By comparison, the Cancer of the Prostate Risk Assessment (UCSF-CAPRA) score was invented by incorporating two further factors including age at diagnosis and percentage of positive biopsy core. The CAPRA score ranges from 0 to 10 score with score of 0 to 2 indicative low-risk, score of 3 to 5 indicative intermediate-risk and score of 6 to 10 indicative of high risk [25].

At present, prostate cancer risk stratification mainly relies on clinical stage, initial PSA level, and Gleason score with some risk stratification scheme adding on further prognostic factors such as percentage of positive biopsy cores, PSA doubling time, PSA velocity, etc.

Future risk stratification will incorporate a much wider range of biomarkers. Current promising treatment stratification markers are shown in Table 1, but these are likely to be added to including epigenetic, micro-RNA and even circulated tumour cells themselves. These should provide better ways to characterise the individualised patient’s disease risk and hence appropriate management can be provided and are part of the big drive to “personalised medicine”.

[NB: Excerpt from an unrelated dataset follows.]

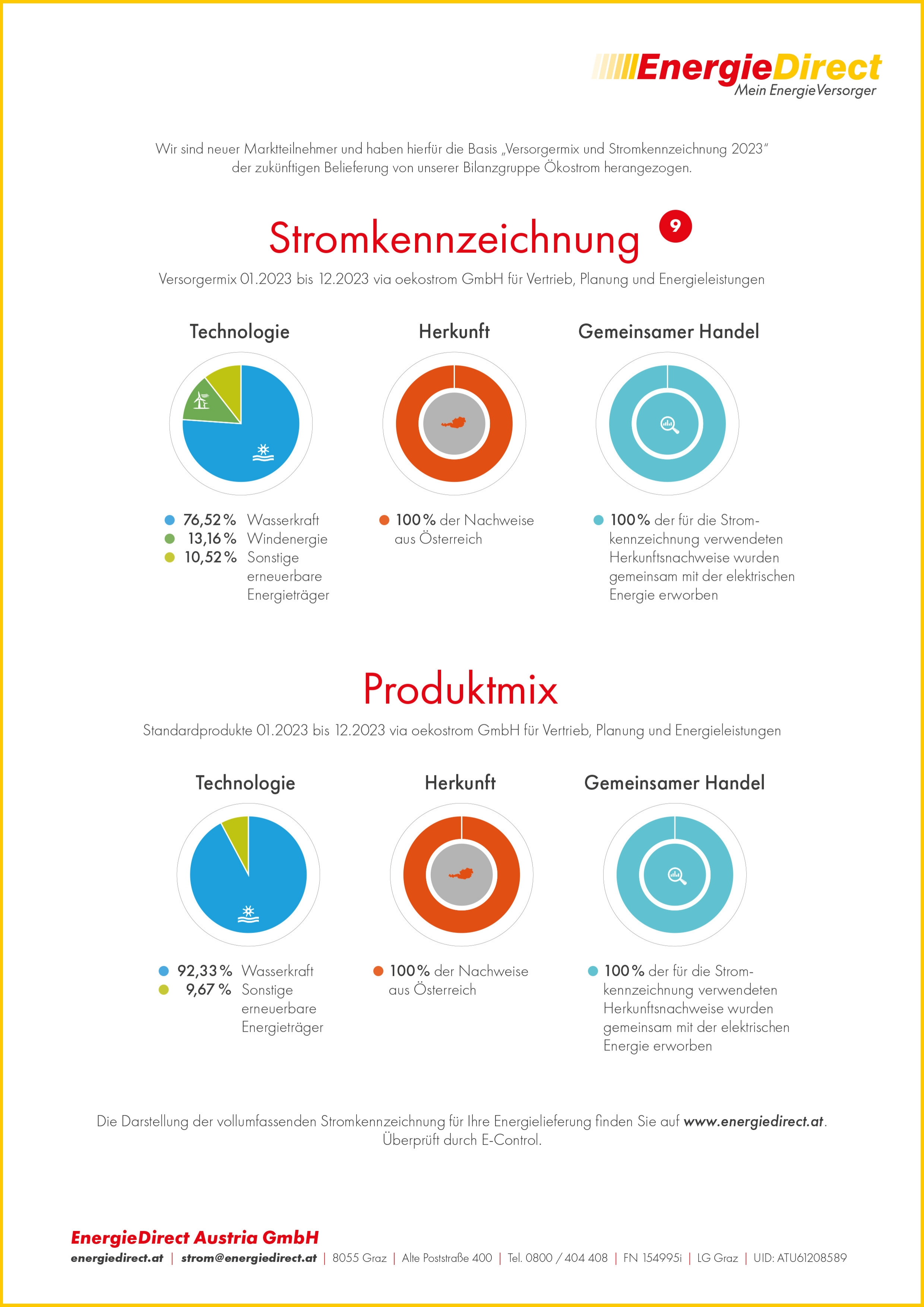 (9) Stromkennzeichnung: Hier können Sie herauslesen, aus welcher Quelle Ihr Strom stammt.

In summary, at the present time, given that the best ways to treat different forms of PCA are not yet fully established has led to some confusion on how to best risk stratify men with diagnosed cancers. Ongoing large scale clinical evaluations of the best way to treat the various forms of prostate cancer, including for example the UK-based ProtecT trial will provide opportunities to further develop improved risk prediction to improve the prediction of best treatment options to aid both patients and clinicians alike. Furthermore, the very recent the International Society of Urological Pathology (ISUP) grading prognostic factors which will likely change all the current risk criteria [26].

Conclusions

Risk offers a unifying approach to both the diagnosis and risk stratification of men both before and after a diagnosis of PCA. Several areas of further development are required and these could best be done in an incremental way whilst starting to use the approach in practice.

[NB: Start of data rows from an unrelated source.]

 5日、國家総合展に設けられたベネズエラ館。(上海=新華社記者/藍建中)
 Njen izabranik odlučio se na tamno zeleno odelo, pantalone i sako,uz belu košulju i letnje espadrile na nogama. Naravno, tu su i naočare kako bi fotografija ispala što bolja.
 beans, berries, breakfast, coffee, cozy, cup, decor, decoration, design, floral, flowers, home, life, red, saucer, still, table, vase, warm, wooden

Challenges remain including how best to use the individual risk calculators in the context of population stratification. There remains a lack of large scale studies on the actual usage/translation into practice and a number of factors work against this, i.e. who decides which is the best one and how to get widespread uptake and acceptance and how best to evaluate them (including choosing appropriate levels of AUC, calibration and validity). Relative costs will come into play depending on where they are going to be employed. Many risk prediction models derived from one country/healthcare system may not be accepted in other countries. Furthermore, what do men themselves feel about risk—qualitative studies suggests they often decide on particular actions based more in a heuristic (rule of thumb) way. The whole issue of communication of the risk is very important; we are not all the same and whilst some men might think one risk is high whilst others may consider differently. It is further worth noting, different attitudes within ethnic groups to risk, i.e. black men in UK were less likely to act at a given risk than white men [27]. In addition, other co-morbidities must feed into the consideration and is the decision on appropriate further action to be taken made by the medical profession or by the man himself.

Finally, how best can such estimates of PCA risk be used alongside estimates for other cancers/serious conditions which are also rapidly being developed.

In sum, risk prediction for PCA does improve particularly the diagnostic pathway for PCA and has the potential to be further developed to enhance risk stratification to help define better disease management. How best to use existing models in practice and to further enhance them remains to be fully established. If such translational studies are set up, future risk prediction improvements could be further refined in practice and in an ongoing way to more rapidly realise the full potential that the approach offers.